The following blog has been co-authored by the CareForward Team of Senthil Rajasekaran, Lauren Mazzurco, Christine Matson, Don Robison, Anca Dobrian, Marta Ambrozewicz, Raja Koteeswaran, Mekbib Gemeda, Cindy Cadieux, Carrie Elzie, Arun Mohanram and April Pace

It seems like American Healthcare has been in “crisis mode” since 1900s. Despite so many advances, little has changed in controlling cost and improving value and health outcomes. Even though there is plenty of evidence to suggest that clinical care at its best contributes to only 20% of patient health outcomes and a whopping 80% is determined by socioeconomic and behavioral factors, little is done in medical education to address the 80%. Recently we are witnessing a welcome trend, where undergraduate (UME) and graduate medical education (GME) are seen as part of this solution. At Eastern Virginia Medical School (EVMS) we have implemented our new CareForward curriculum to teach cost, value, and health system sciences in the UME. Realizing the challenges in effectively integrating these complex topics in UME, our team at EVMS has created a set of virtual families, members of which will be represented in the clinical cases that are used in the UME curriculum.

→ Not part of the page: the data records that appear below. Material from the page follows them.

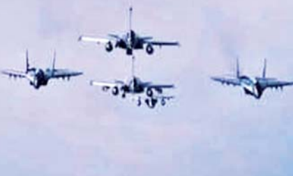
को चिह्नित करना व लक्ष्यों को तबाह करना शामिल है। इसके तहत जगुआर और मिराज लड़ाकू विमानों ने ऑपरेशन सिंदूर के दौरान अपने हमले के समन्वित तरीके को दोहराते हुए एक साथ लक्ष्यों को निशाना बनाया। सुखोई लड़ाकू विमान ने आतंकी शिविर पर हमला किया। स्वदेशी हलके लड़ाकू हेलीकॉप्टर प्रचंड ने नकल रीप्यूटिंग पॉइंट पर हमला करके अपनी फुर्ती दिखाई।

जैसलमेर। भारतीय वायुसेना ने शुक्रवार शाम भारत-पाक अंतरराष्ट्रीय सीमा के पास पोकरण में वायुशक्ति अभ्यास में अपनी ताकत का प्रदर्शन किया जिसे देखने के लिए राष्ट्रपति द्रौपदी मुर्मू भी मौजूद थीं। जैसलमेर जिले में थार के रेगिस्तानी इलाके में वायुसेना ने इस अभ्यास में अपनी जंगी ताकत दिखाई। शुक्रवार शाम शुरू हुए इस अभ्यास के अवसर पर रक्षा मंत्री राजनाथ सिंह, राजस्थान के राज्यपाल हरिभाऊसाहेब और केंद्रीय मंत्री गजेंद्र सिंह शेखावत भी मौजूद थे। कार्यक्रम को शुरूआत राष्ट्रपति ने राष्ट्रगीत से हुई। अभ्यास के दौरान तीन किलोमीटर के इलाके में फैले लक्ष्यों को दिखाया गया। प्रदर्शन के लिए बनाए गए लक्ष्यों में दुश्मन का रनवे, पेट्रोलियम भंडार, बंकर, राडार स्थल, टैंक और सशस्त्र काफिले, कम्यूनिकेशन सेंटर, आतंकी शिविर, शस्त्र भंडार व हैंगर शामिल था। इसके बाद लड़ाकू विमान व युद्धक हेलीकॉप्टर ने तालमेल बिठाकर ऑपरेशन शुरू किया। इसमें रणनीति बनाना, लक्ष्य
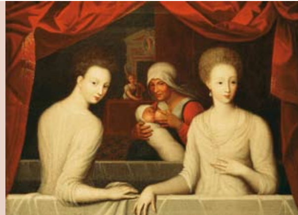
Gabrielle d'Estrées et sa sœur la duchesse de Villars au bain France, fin du XVI e s. Huile sur toile Montpellier, Musée languedocien

Bien loin de notre actuelle définition, la toilette de la Renaissance est un cérémonial public, de beauté et non d'hygiène, réservé à l'élite. Elle désigne ce moment particulier où l'on achève de se préparer, éventuellement en public, face à une table sur laquelle sont présentés les instruments de la beauté : miroirs et nécessaires, peignes et brosses, aiguïères et bassins à ablutions, parfums et bijoux. Comme pour le thème du bain, l'intérêt pour ce rite de beauté réinventé a donné naissance à un nouveau genre iconographique, le « portrait nu ».
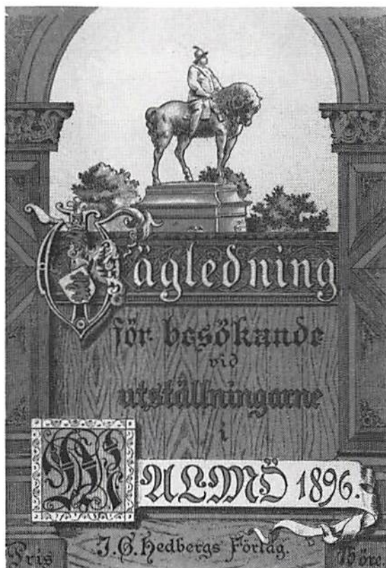
Fig 1. Omslaget till katalogen från Nordiska Industri- och Slöjdställningen 1896 i Malmö.

Idag kan man köpa nygjorda tennsoldater, gjutna i Öhrströms gjutformor, i museibutiken i Ystads stadsmu-
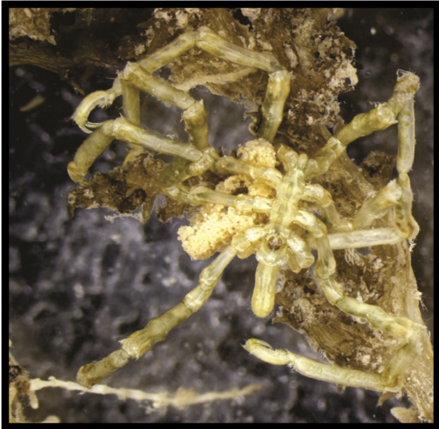
Figura 3: Endeis sp. associado a algas (Foto de Nicolas Eugênio Saraiva).
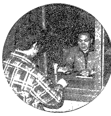
경비원 야간 순찰로 東岳을 경비

경비원 야간 순찰로 東岳을 경비 경비원 야간 순찰로 東岳을 경비 경비원 야간 순찰로 東岳을 경비
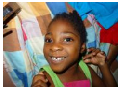
Neema (4) Mikrozephalus ausgesetzt
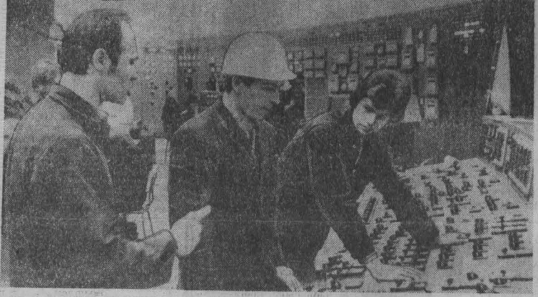
Самой крупной тепловой электростанцией Германской Демократической Республики будет ТЭС в Бонксберге (округ Котбус). В текущем году здесь состоится ввод в эксплуатацию трех последних энергоблоков второй очереди мощностью 210 мегаватт каждый. По окончанию строительства электростанция общей мощностью 3,500 мегаватт станет крупнейшей в Центральной Европе на станции, работающей на буром угле.

ТОКИО, 29. (ТАСС). Итоги выборов в местные органы власти в прошедшее воскресенье свидетельствуют о росте влияния прогрессивных сил Японии — прежде всего коммунистов и социалистов. Представители оппозиционных партий и кандидаты, пользовавшиеся под-
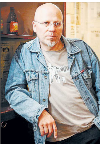
Яцек Матецкий стал своим на Урале

В Польше вышла в свет книга «Драма номер три», посвящённая одноимённому театру из Каменска-Уральского. Автор книги — известный польский писатель Яцек МАТЕЦКИ, приехавший на Урал несколько раз в 2016 году и проживший здесь в общей сложности около 2 месяцев. 288-страничный фолант написан в востребованном сейчас в Европе жанре записок путешественника.
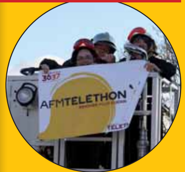
Même pas peur notre marraine !

Les sapeurs pompiers du Faouët Présence et conseils appréciés
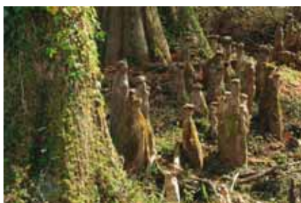
Racine de cyprès chauve

Dédié à la tranquillité aussi bien des promeneurs que des animaux, ce site protégé, ouvert au public, est accessible en passant sous le pont des cinq arches. La barrière franchie, on entre dans un autre monde... Le livret pédagogique qui lui est consacré retrace l'histoire de ce site naturel, explique sa gestion et présente les principales espèces animales et végétales qu'on y trouve. Bien que protégé, la Ville a souhaité qu'il soit accessible au plus grand nombre. Un chemin ouvert à tout le monde (promeneurs, cyclistes et joggeurs) permet de le découvrir
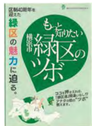
緑区制40周年記念誌
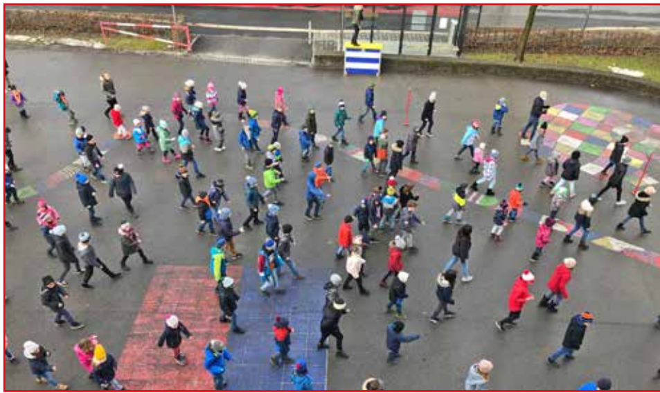
Was führt Kriessern hier im Schilde? Die hecken doch was aus?! Auflösung folgt in der nächsten Ausgabe...
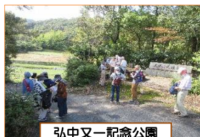
弘中又一記念公園
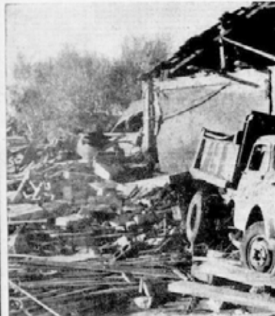
Selin müthiş tahribatı

Çankırı'da 11 Eylül 1957 tarihinde meydana gelen sel felaketi, tahrip ettiği semtlerden resimler.
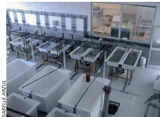
Se observa una Instalación de Cuarentena diseñada para moluscos con equipo especial de bandejas o tanques someros.

nacional de bioseguridad, como parte del proceso de análisis de riesgos. De esa manera, se han realizado pocos intentos para identificar y priorizar los riesgos y buscar los caminos para reducirlos efectivamente basándose en un arsenal completo de medidas de la gestión de los riesgos que están disponibles (Capítulo 1.6.).
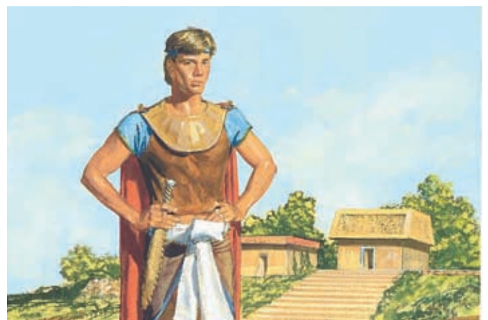
Almas Sohn Korianton hatte die Gebote nicht befolgt. Er war bei den Zoramiten kein gläubiger und treuer Missionar gewesen. Alma 39:2,3.
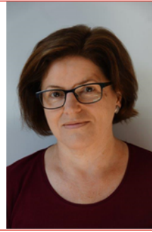
Dr. in Brigitte Zarfl Bundesministerin für Arbeit, Soziales, Gesundheit und Konsumentenschutz
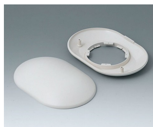
B5015107 Bottom and top part O160 H ABS (UL 94 HB) off-white RAL 9002 160x110x38mm
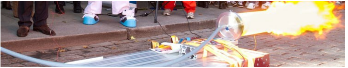
H.K.H. Kronprins Haakon satte fart i åpningen av Forskningsdagene i 2011. Her starter han rakettmotoren på forskningstorget i Oslo.

Meldinger ved utskriftstidspunkt 16. juni 2026, kl. 13.16 CEST
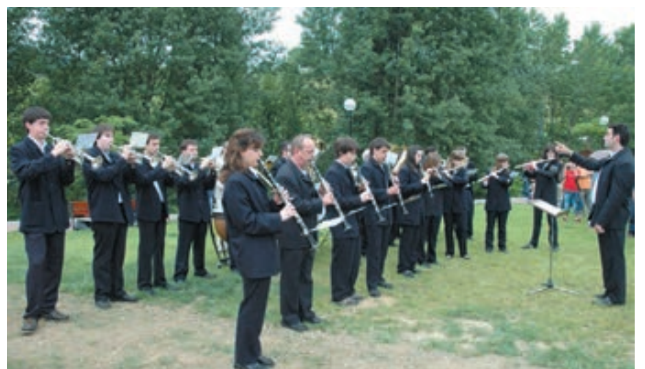
Txistulariek eta Musika Bandak emozio gehiago eman zioten ekitaldiari.

These virtual families represent diverse patient populations (e.g., age, gender, sexual orientation, ethnicity, race, culture, belief system, literacy level, socioeconomic status and geography), and introduce variables such as veteran affairs, family dynamics, financial turbulence, health equity/disparity, roles within a care delivery team, access to community resources, interactions of organizations and complexities of care in specific patient populations. Each organ system module and clerkship will use longitudinal clinical cases that are drawn from the virtual families.